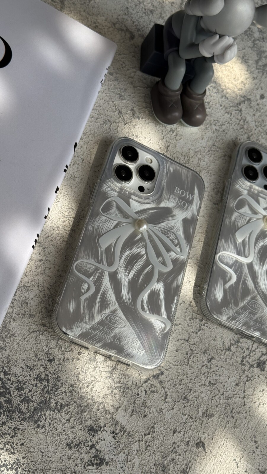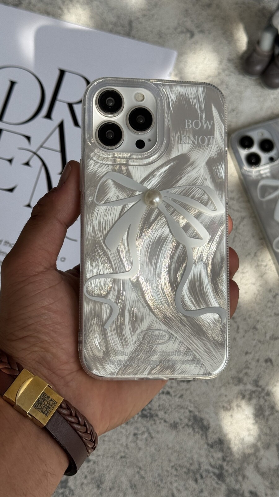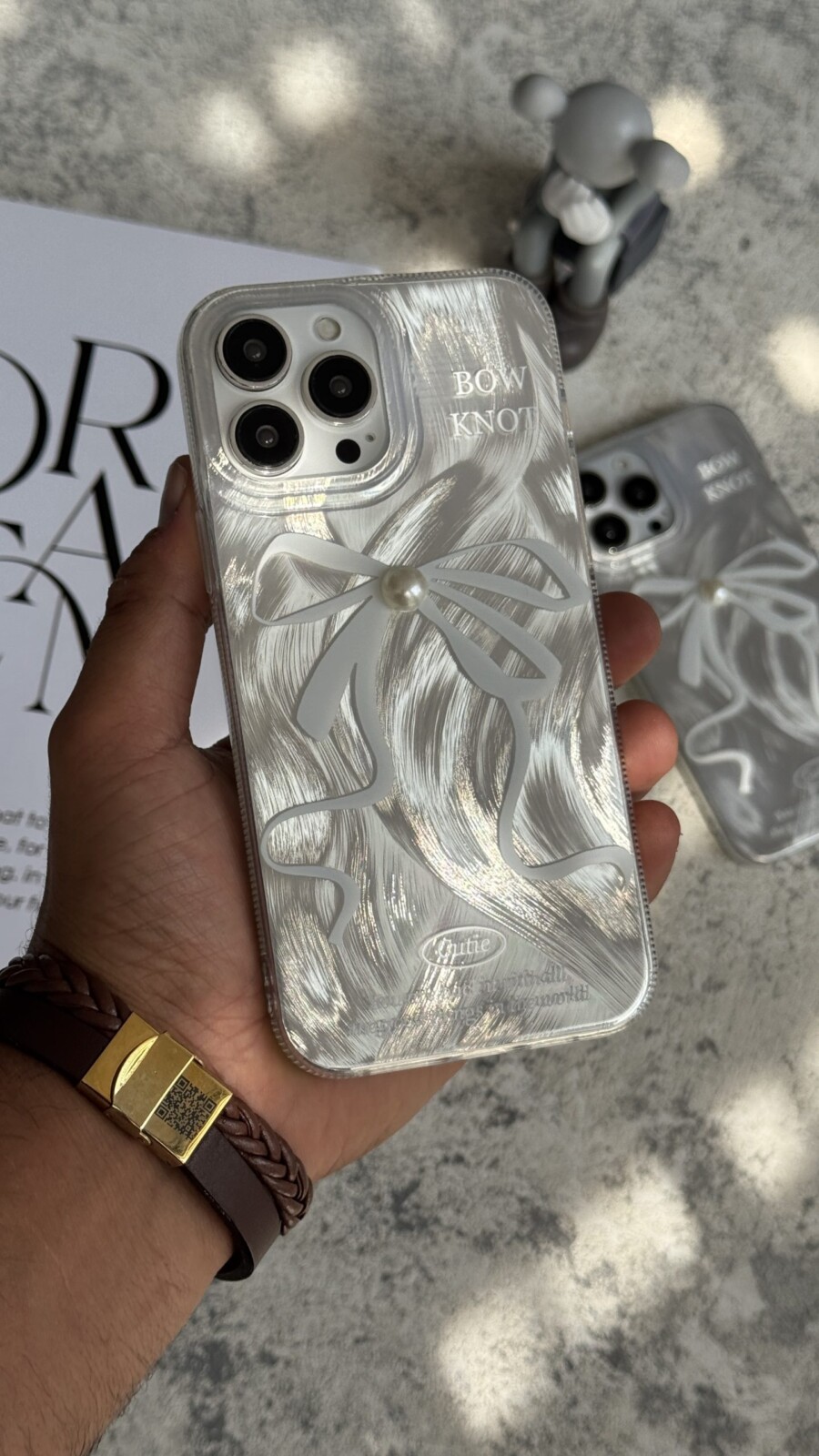 قاب موبایل آیفون بونات پاپیون شاینی نقره ای تک مروارید
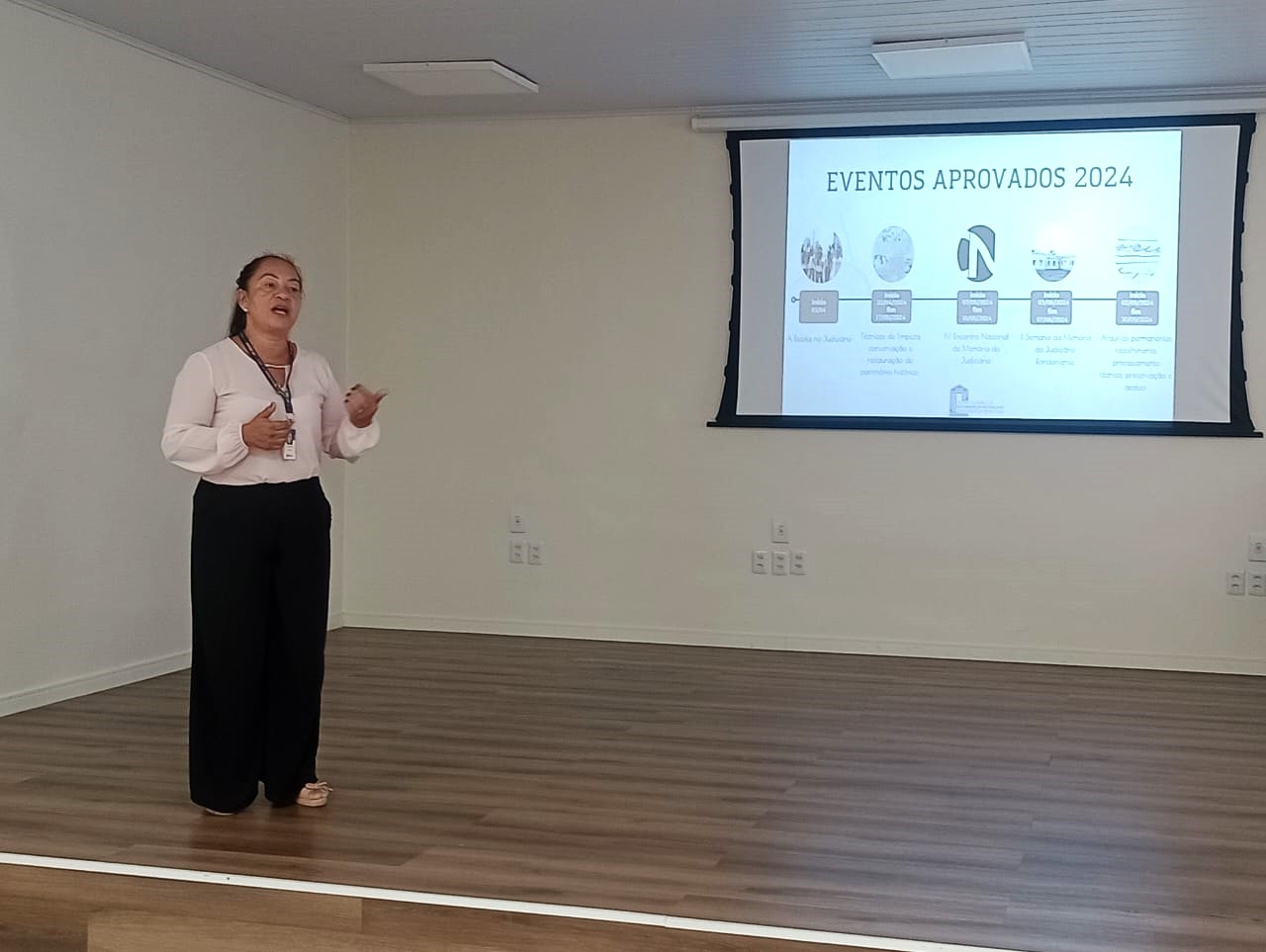 Na ocasião foram apresentadas a data de início de algumas atividades já aprovadas, como “A Escola no Judiciário”, projeto de visita guiada do CCDH que teve início em 2023. O objetivo é despertar o interesse de forma lúdica dos(as) alunos(as) da rede pública pela memória do estado onde moram, para que conheçam os espaços que guardam a história do Judiciário de Rondônia, auxiliando e estimulando-os a descobrirem suas aptidões, e promovendo desta forma o autoconhecimento.
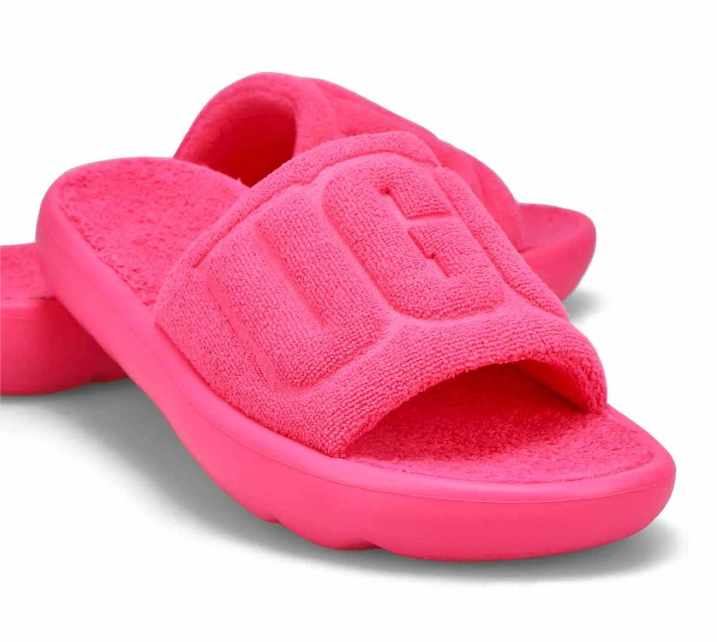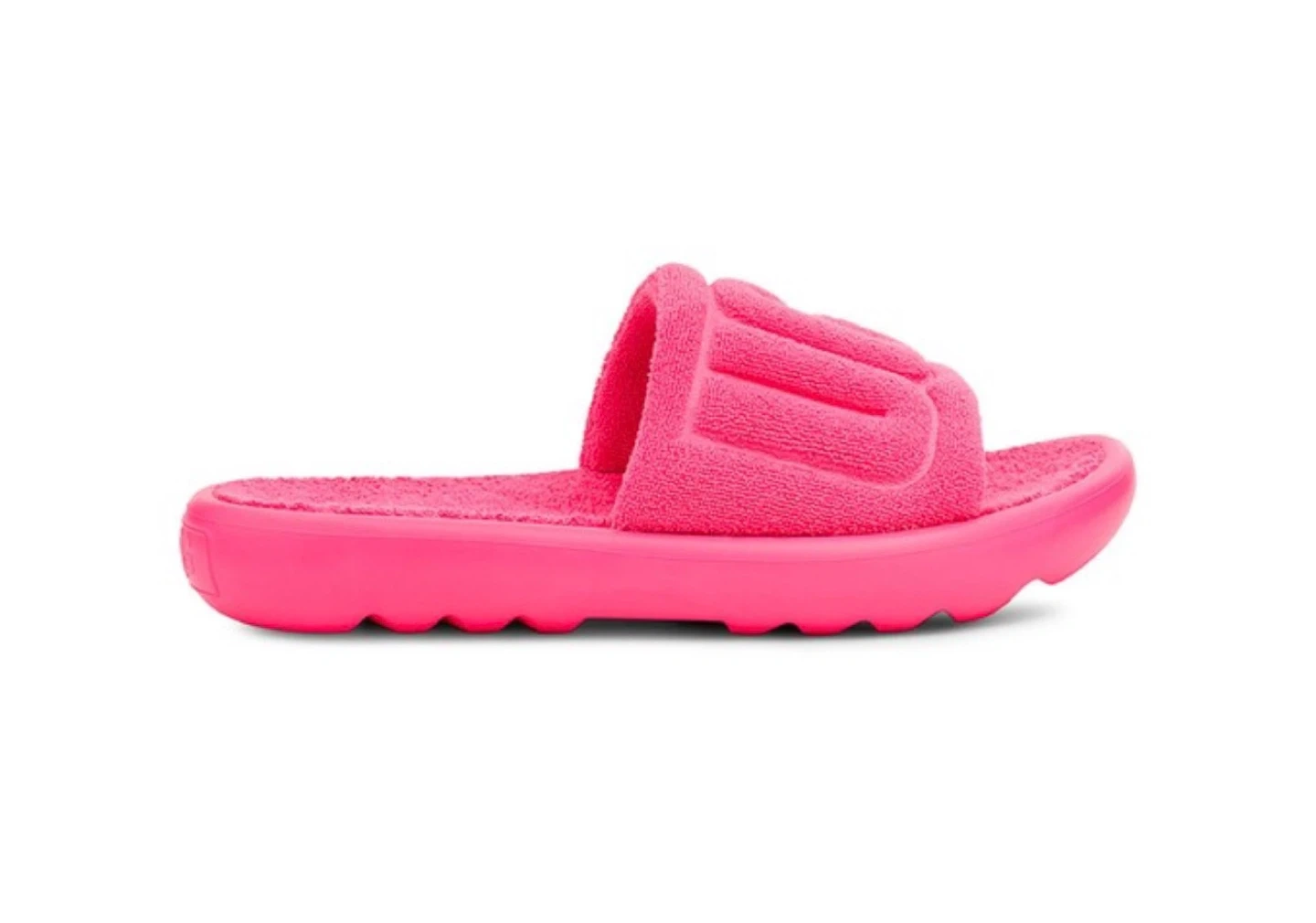 UGG W Fluff Yeah Slides in a vibrant hot pink. These open-toe sandals feature a soft terrycloth upper with the UGG logo embossed across the vamp. Made in Vietnam. Includes original box. Great for lounging!
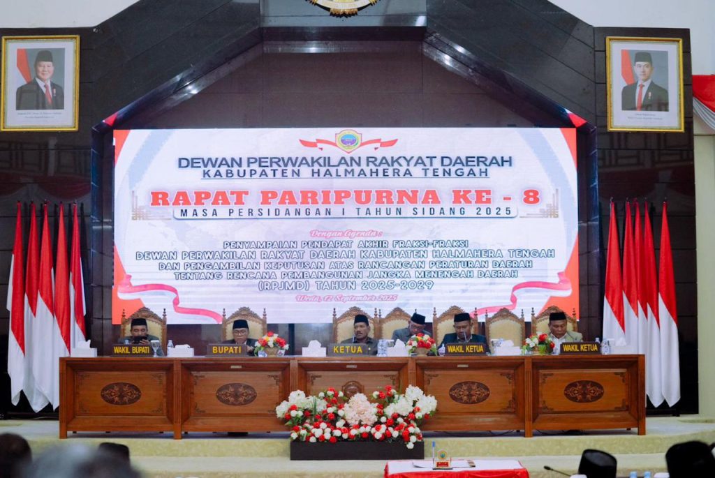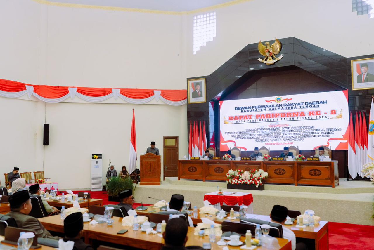 WEDA – Dewan Perwakilan Rakyat Daerah (DPRD) Kabupaten Halmahera Tengah menggelar Rapat Paripurna Ke-8 Masa Persidangan I Tahun Sidang 2025, Jumat (12/9/2025), bertempat di Ruang Sidang DPRD Halteng.
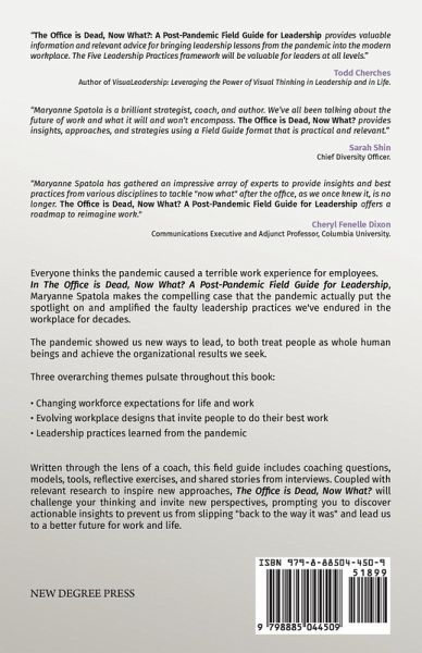Everyone thinks the pandemic caused a terrible work experience for employees. In The Office is Dead, Now What? A Post-Pandemic Field Guide for Leadership, Maryanne Spatola makes the compelling case that the pandemic actually put the spotlight on and amplified the faulty leadership practices we've endured in the workplace for decades. The pandemic showed us new ways to lead, to both treat people as whole human beings and achieve the organizational results we seek. Three overarching themes pulsate throughout this book: Changing workforce expectations for life and work Evolving workplace designs that invite people to do their best work Leadership practices learned from the pandemic Written through the lens of a coach, this field guide includes coaching questions, models, tools, reflective exercises, and shared stories from interviews. Coupled with relevant research to inspire new approaches, The Office is Dead, Now What? will challenge your thinking and invite new perspectives, prompting you to discover actionable insights to prevent us from slipping "back to the way it was" and lead us to a better future for work and life.
————
TASK DETAILS> Print the whole listing exactly. No pictures belong in the copy.

TASK SOLUTION>
 قاب موبایل آیفون بونات پاپیون شاینی نقره ای تک مروارید
 Na ocasião foram apresentadas a data de início de algumas atividades já aprovadas, como “A Escola no Judiciário”, projeto de visita guiada do CCDH que teve início em 2023. O objetivo é despertar o interesse de forma lúdica dos(as) alunos(as) da rede pública pela memória do estado onde moram, para que conheçam os espaços que guardam a história do Judiciário de Rondônia, auxiliando e estimulando-os a descobrirem suas aptidões, e promovendo desta forma o autoconhecimento.
 UGG W Fluff Yeah Slides in a vibrant hot pink. These open-toe sandals feature a soft terrycloth upper with the UGG logo embossed across the vamp. Made in Vietnam. Includes original box. Great for lounging!
 WEDA – Dewan Perwakilan Rakyat Daerah (DPRD) Kabupaten Halmahera Tengah menggelar Rapat Paripurna Ke-8 Masa Persidangan I Tahun Sidang 2025, Jumat (12/9/2025), bertempat di Ruang Sidang DPRD Halteng.
Everyone thinks the pandemic caused a terrible work experience for employees. In The Office is Dead, Now What? A Post-Pandemic Field Guide for Leadership, Maryanne Spatola makes the compelling case that the pandemic actually put the spotlight on and amplified the faulty leadership practices we've endured in the workplace for decades. The pandemic showed us new ways to lead, to both treat people as whole human beings and achieve the organizational results we seek. Three overarching themes pulsate throughout this book: Changing workforce expectations for life and work Evolving workplace designs that invite people to do their best work Leadership practices learned from the pandemic Written through the lens of a coach, this field guide includes coaching questions, models, tools, reflective exercises, and shared stories from interviews. Coupled with relevant research to inspire new approaches, The Office is Dead, Now What? will challenge your thinking and invite new perspectives, prompting you to discover actionable insights to prevent us from slipping "back to the way it was" and lead us to a better future for work and life.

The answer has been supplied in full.